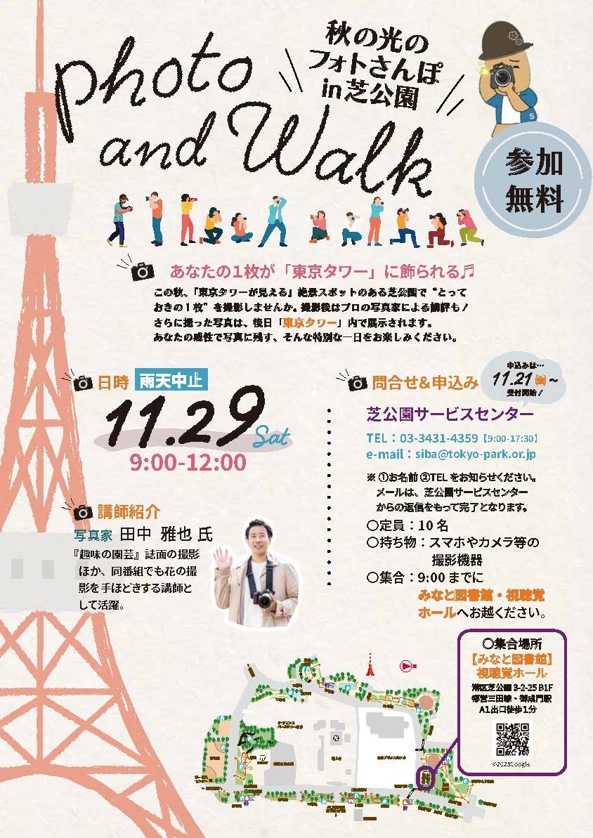 この秋、『東京タワーが見える』絶景スポットのある芝公園で“とっておきの1枚”を撮影しませんか。撮影後はプロの写真家による講評も!
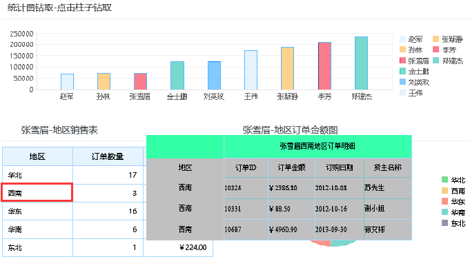 用设计器打开报表统计图钻取.rpx,通过在单元格中加入超链接将雇员姓名和地区做为name(雇员姓名)和region(地区)的参数值传递给明细.rpx,实现钻取效果。
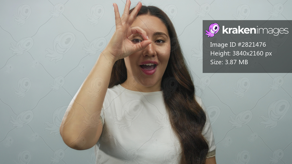 Smiling young hispanic woman shows ok sign in a pale blue studio setting with visible hand gesture; approval confidence.
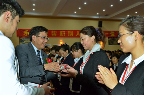 沈堂仁先生为通过考核的美容导师们颁发毕业证书

____________

** Exercise requirements **
Reproduce the material word for word, but without its images.

** Final answer **
 この秋、『東京タワーが見える』絶景スポットのある芝公園で“とっておきの1枚”を撮影しませんか。撮影後はプロの写真家による講評も!
 用设计器打开报表统计图钻取.rpx,通过在单元格中加入超链接将雇员姓名和地区做为name(雇员姓名)和region(地区)的参数值传递给明细.rpx,实现钻取效果。
 Smiling young hispanic woman shows ok sign in a pale blue studio setting with visible hand gesture; approval confidence.
 沈堂仁先生为通过考核的美容导师们颁发毕业证书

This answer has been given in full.